SOURCE DATA >>
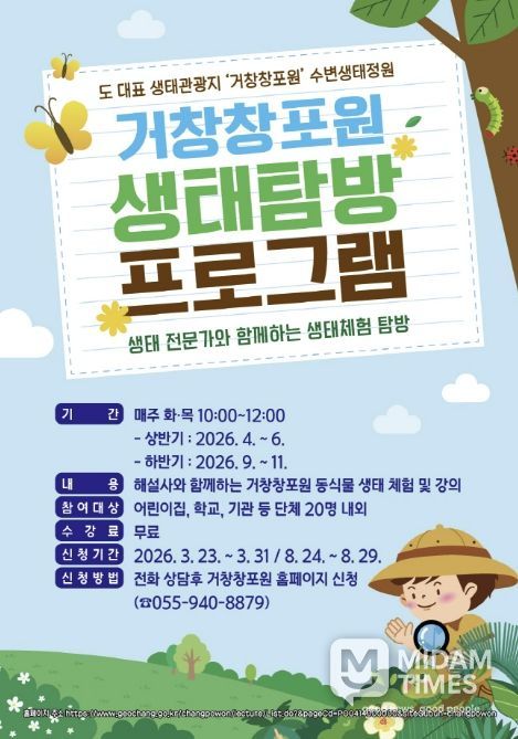 신동일 환경과장은 “거창창포원의 우수한 자연‧식물 자원을 활용한 체험 중심 교육을 통해 자연 이해도와 생태 감수성을 높이는 계기가 될 것으로 기대한다”며 “앞으로도 창포원의 교육‧체험 기능을 강화해 나가겠다”고 말했다.
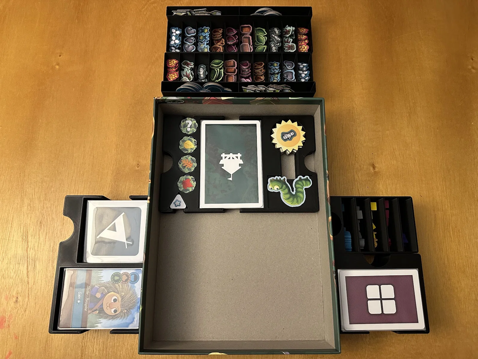 Bộ insert cho Maple Valley (bản retail) giúp sắp xếp token tài nguyên và thẻ gọn gàng, lấy ra nhanh và setup nhẹ công. In thử nghiệm với nozzle 0.4mm, layer 0.2mm, 15% infill; hỗ trợ thẻ có sleeve.
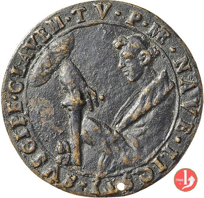 6 - San Pietro riceve le Chiavi Dritto: STEPANVS • _ III • P • M • busto a dx con mitra e piviale San Pietro riceve le chiavi da mano che esce da nube | |

REQUIREMENT >> Give the listing again in full, exactly as it is, but without its images.

ANSWER BELOW >>
 신동일 환경과장은 “거창창포원의 우수한 자연‧식물 자원을 활용한 체험 중심 교육을 통해 자연 이해도와 생태 감수성을 높이는 계기가 될 것으로 기대한다”며 “앞으로도 창포원의 교육‧체험 기능을 강화해 나가겠다”고 말했다.
 Bộ insert cho Maple Valley (bản retail) giúp sắp xếp token tài nguyên và thẻ gọn gàng, lấy ra nhanh và setup nhẹ công. In thử nghiệm với nozzle 0.4mm, layer 0.2mm, 15% infill; hỗ trợ thẻ có sleeve.
 6 - San Pietro riceve le Chiavi Dritto: STEPANVS • _ III • P • M • busto a dx con mitra e piviale San Pietro riceve le chiavi da mano che esce da nube | |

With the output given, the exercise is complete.